The way we obtain the values for the model without the interaction is very similar to what we did for the conifer data. We need to update our model first, to remove the interaction:
# create a linear model
model = smf.ols(formula = "light ~ depth + C(species)",
data = treelight_py)
# and get the fitted parameters of the model
lm_treelight_add_py = model.fit()Notice the + symbol in the argument, as opposed to the * symbol used earlier. This means that we are explicitly not including an interaction term in this fit, and consequently we are forcing Python to calculate the equation of lines which have the same gradient.
We can get the relevant coefficients as follows:
print(lm_treelight_add_py.summary()) OLS Regression Results
==============================================================================
Dep. Variable: light R-squared: 0.935
Model: OLS Adj. R-squared: 0.929
Method: Least Squares F-statistic: 144.9
Date: Tue, 16 Apr 2024 Prob (F-statistic): 1.26e-12
Time: 07:43:50 Log-Likelihood: -175.37
No. Observations: 23 AIC: 356.7
Df Residuals: 20 BIC: 360.1
Df Model: 2
Covariance Type: nonrobust
=========================================================================================
coef std err t P>|t| [0.025 0.975]
-----------------------------------------------------------------------------------------
Intercept 7962.0316 231.356 34.415 0.000 7479.431 8444.633
C(species)[T.Conifer] -3113.0265 231.586 -13.442 0.000 -3596.106 -2629.947
depth -262.1656 39.922 -6.567 0.000 -345.441 -178.891
==============================================================================
Omnibus: 2.068 Durbin-Watson: 2.272
Prob(Omnibus): 0.356 Jarque-Bera (JB): 1.677
Skew: 0.633 Prob(JB): 0.432
Kurtosis: 2.618 Cond. No. 13.9
==============================================================================
Notes:
[1] Standard Errors assume that the covariance matrix of the errors is correctly specified.Again, I need to work out which group has been used as the baseline.

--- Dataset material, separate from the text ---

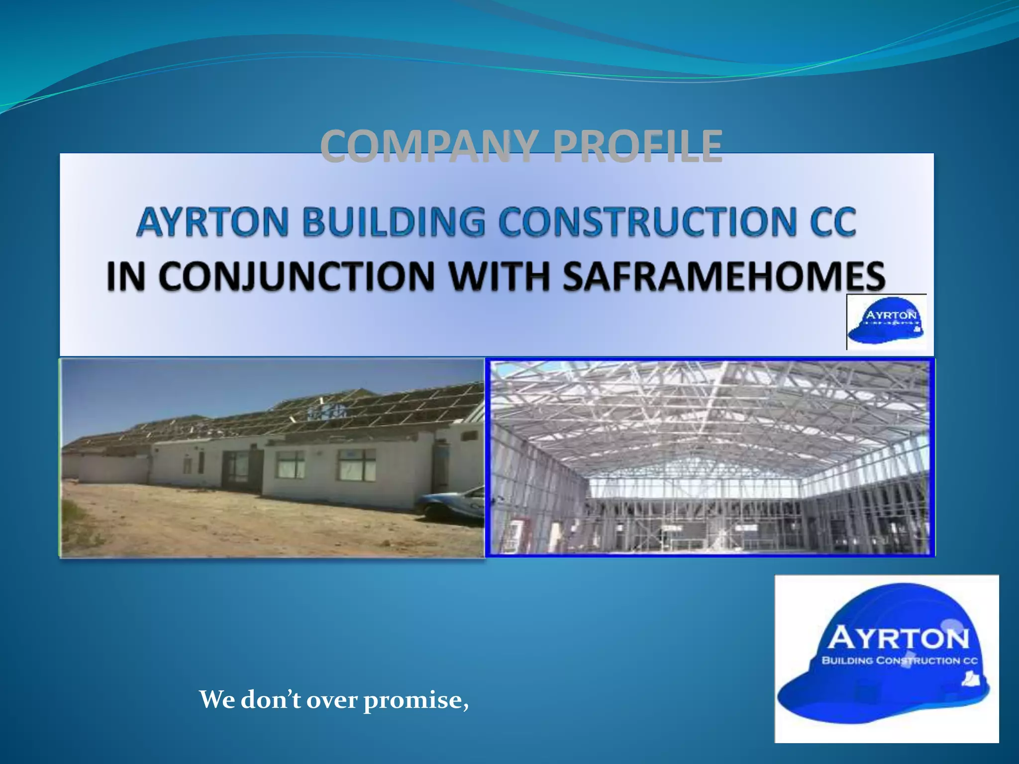 Ayrton Construction CC, established in 2008 and 100% black owned, specializes in general building construction and maintenance services for various clients. With over 40 years of experience, the company has managed projects like clinics and schools, and values teamwork, continuous training, and adherence to green building practices. Their commitment is to provide quality services at competitive rates without shortcuts.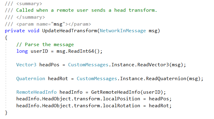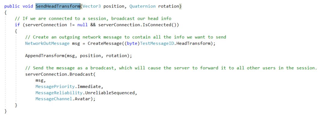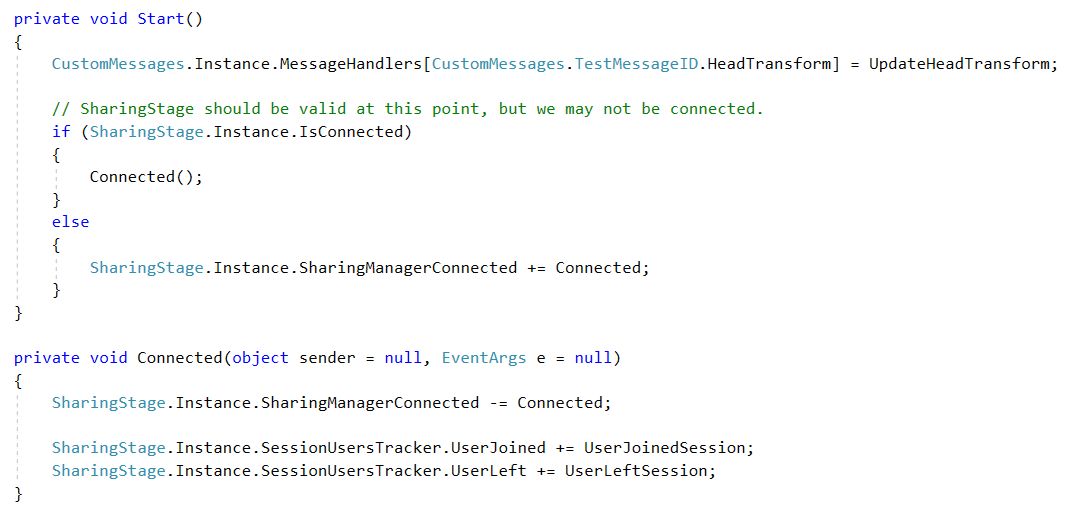接下来,让我们从代码层面来解读一下Sharing模块的工作机制,还是以这个场景为例。在RemoteHeadManager.cs脚本中,在Start回调函数里,第一行代码是将消息处理函数绑定到委托上,这个我们在后边展开来讲。此外则是对服务器进行访问连接,将客户端加入和离开房间的方法绑定到一个负责管理应用程序核心网络层的单例脚本SharingStage.cs中。

- It will be the group that comes first alphabetically, so it should be
Broadleaf - The other way to check would be to look and see which group is not mentioned in the above table.
Coniferis mentioned (in theC(species)[T.Conifer]heading) and so again the baseline group isBroadleaf.
This means that the intercept value and depth coefficient correspond to the Broadleaf group and as a result I know what the equation of one of my lines is:
Broadleaf:
\[\begin{equation} light = 7962 + -262.2 \times depth \end{equation}\]
In this example we know that the gradient is the same for both lines (because we explicitly asked to exclude an interaction), so all I need to do is find the intercept value for the Conifer group. Unfortunately, the final value given in C(species)[T.Conifer] does not give me the intercept for Conifer, instead it tells me the difference between the Conifer group intercept and the baseline intercept i.e. the equation for the regression line for conifer woodland is given by:
\[\begin{equation} light = (7962 + -3113) + -262.2 \times depth \end{equation}\]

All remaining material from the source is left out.